Isabel’s natural intuition of our Queen Victoria’s good heart
prompted her letters to her. They were sent by a private hand, and
who knows what evils might have been prevented in the Court of
Spain if the long journey, so formidable in those days, had not placed
the sister-Queens so far apart?
Espartero’s plea for Isabel to marry Don Enrique de Assisi, the
man of her heart, met no support in a Court torn with intrigue, and
the sad, bad story of Isabel doubtless had its source in the tragedy of
an unhappy marriage. At the plea of a persistent wooer, who knew
that the Queen had the right of dissolving a Ministry, a Government
would fall; and as the station of her favourites became lower and
lower, as time went on the ill-regulated Sovereign had a Government
as undependable as her friends.
Treachery was the keynote of the Court of Spain, and some of
the leaders of the revolution were those who had used the
Sovereign’s ignorance and foolhardiness to their own ends.
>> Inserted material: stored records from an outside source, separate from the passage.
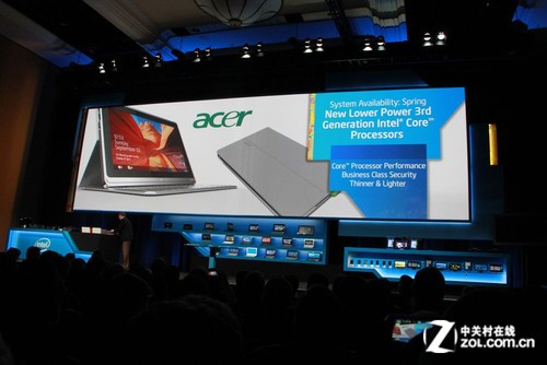 目前已经很多PC厂商已经展开了研发,台上展出了联想 IdeaPad Yoga 11s和宏碁可拆卸的超极本产品,宏碁超极本预计在春季上市。
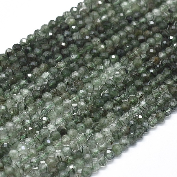 PandaHall Natural Black Rutilated Quartz Beads Strands, Faceted, Round, 3mm, Hole: 0.5mm, about 130pcs/strand, 15.3 inch(39cm) Rutilated... Price: $8.49 | PandaHall
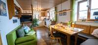Ausstattung: gut ausgestattete Küche, großer Esstisch mit Ecksofa, Elternschlafzimmer ist ausgestattet mit einem Doppelbett, das Kinderzimmer hat zwei große Betten und ein kürzeres Bett mit einer Länge von 1, 60m. Badezimmer mit Wanne und WC, geräumiger Balkon nach Süden mit tollem Blick in die Berge.

In such
an atmosphere of untruth and treachery such men as Espartero,
Prim, etc., could play no enduring part. Hardly had Espartero swept
the Court clean of the Regency of Queen Maria Cristina than his fall
was encompassed by O’Donnell, his rival. The flagrant falsification of
the Parliamentary election returns—which is still the cankerworm of
the country—was the check to all progress. Count San Luis made a
primitive effort for the reform of the elections; he suggested that the
names of the candidates as deputies should be put in a bag, and
drawn out by a child blindfolded, for the law of chance seemed to
him better than the custom of deception.
Isabella’s acts of generosity are still quoted with admiration at the
royal palace of Madrid by those who served her as Queen.
Four hundred girls owed their marriage dots to Isabella, and it
was the fathers of these four hundred royally endowed brides who
treacherously worked for her expulsion.
One day, hearing the story of the penury of a clever man of
letters, Isabella commanded 20,000 francs to be sent to him. The
administrator of her finances, thinking the Queen could hardly know
how much money this sum represented, had twenty notes of 1,000
francs each changed into small money, and put out on a table by
which she had to pass.
“What is all this money for?” asked Isabella, when she saw it
spread out to view.
“It is the money for the man of letters, and this shows Your
Majesty how large is the sum of 20,000 francs.”
“So much the better,” was the prompt reply; and the courtier saw
it was not by proving the amount of the boon that he could check his
Sovereign in her generous actions.
A Court official at Madrid, who has been sixty years in office at
the palace, told me he often saw Isabella take off her bracelets, and
give them to the beggars who pressed upon her as she crossed the
courtyard of the royal domain.
“And who could help loving her?” said the old courtier, with tears
in his eyes; “I know I could not.”
Caught in the darkness of ignorance and intrigue, Isabella was
naturally enraged at the revolution. When her son Alfonso was
nearly made captive by the Carlists at Lucar, she said: “I would
rather my Alfonso be a prisoner of the Carlists than a captive of the
revolutionists.”
Isabella had a faithful friend in the Marquis of Grizalba, and he
said to Croze:[18]
“It is the loss of faith which causes our woes; the charm of death
has been destroyed with the hope of a hereafter. But Spain will die
like a gentleman.”
[18] The author of “La Vie intime d’Alfonse XIII.”